Machine learning is an area that is being incorporated into almost every industry, and there has been a call for standard machine learning benchmarks similar to the SPEC benchmarks created primarily for the CPUs. These benchmarks would prove pivotal in comparing all the relative machine learning solutions available in the marketplace.
MLCommons is an open engineering consortium that has been working in the direction of creating machine learning benchmarks for training and inference through its own platform MLPerf. MLCommons is usually listed as an industry-academic partnership that aims to advance the development and access of the latest AI and machine learning datasets. The benchmarks so created have been discussed and disclosed time and again to make people aware of the refinements taking place along the way. Recently, the company unveiled its platform Inference v1.0 and also released 2000 results into the database. Not only this, but the company also disclosed a new power measurement technique of the platform that would look into providing additional metadata on these results.
Why is a Standard Benchmark Important?
Creating this benchmark could prove to be a turning point in the application of artificial intelligence because during conduction of the inference on edge, usually not even 10% of the peak TOPS (trillions of operations per second) are used. This shows that a lot of static power is wasted in the entire process, which can lessen the utilization of the chip in the models, better utilization, on the other hand, would promote more efficiency as power would not be wasted on the already used resources. Simultaneously, this could lead to slower results, which would not be feasible for some vendors.
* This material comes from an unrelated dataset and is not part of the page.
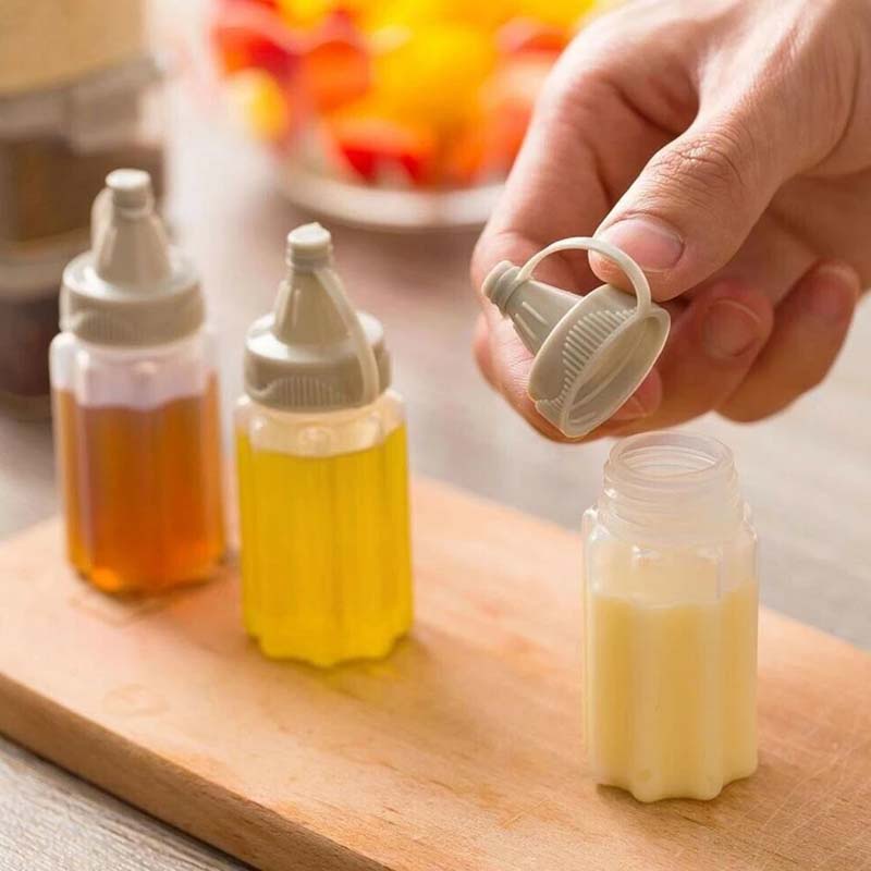 4Pcs/Set Portable Mini Sauce Seasoning Box Dispenser Transparent Spices Bottle With Lid Salt Spice Jar Squeeze Bottles

The results that the organization has released are centered around one key point, that is, inference. It follows into the ability of a trained network to process the unseen incoming data. The test claims to standardly measure how much electricity, either in watts or joules, is drawn for any particular task assigned to the machine learning model. Not only this, the test has been tried and tested on an entire plethora of machine learning areas and models so that it can cover a broader machine learning market in its ambit.
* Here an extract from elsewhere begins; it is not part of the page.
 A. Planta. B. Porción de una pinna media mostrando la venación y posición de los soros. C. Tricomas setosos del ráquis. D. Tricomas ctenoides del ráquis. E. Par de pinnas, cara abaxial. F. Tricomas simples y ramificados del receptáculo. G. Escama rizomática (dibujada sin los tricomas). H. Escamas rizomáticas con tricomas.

The Tasks that the Platform Measures
The platform infers the amount of energy being used for an array of machine learning model tasks, including:
- Image classification
- Object detection
- Medical Image segmentation
- Language processing
- Speech to text
- Recommendation engines
Collection of Results
The prominent market stalwarts like Alibaba, Gigabyte, HPE, Inspur, Intel, Lenovo, NVIDIA, Qualcomm, Supermicro, and Xilinx have provided results for the platform, thereby confirming its authenticity and efficacy. Krai(startup) has also submitted results that have proved significant for the development of this platform. A benchmark suite was created by Krai that was then run on many low-cost edge devices both with and without GPU acceleration. This helped MLPerf by providing a chunk of the total required data (around 50%).
Submission of Results
The results that are deciphered can be submitted and categorized into several sub-divisions, including Datacenter, Edge, Mobile or Tiny. For both Datacenter and Edge, there are two other categories as well:
- Closed category: This works best for apples to apples that have the same reference framework
- Open Category: This includes everything and offers peak optimization
The presented metrics depend on either the stream (single or multiple), the server response, or the offline data flow. The benchmark that has been designed can run on various platforms, including CPU, GPU, FPGA, or a dedicated AI silicon. There is, however, no combined benchmark that has been provided for the simple reason that not every system will not be subjected to every test.
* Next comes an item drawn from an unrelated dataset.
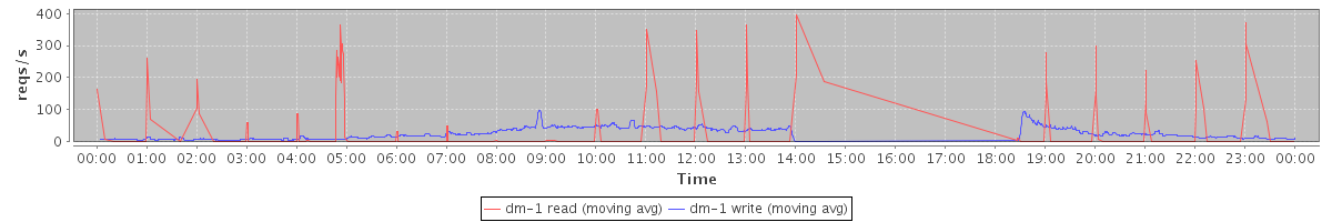 avg(dm-1 read) = 5.60 avg(dm-1 write) = 24.73

Therefore, a scale of results have been submitted, and all the data points have been released by the MLCommon, which is the trademark company for MLPerf. A little arithmetic is required to make sense of these data points.
Metrics System and Measurement
The metrics being used for Inference v1.0 are system level in contrast to the simple chip levels. This provides extra control, storage, memory, power delivery, and other added advantages. The providers can also submit specific additional details like processor power which may not necessarily be included. It is a holistic measurement of the model that is done.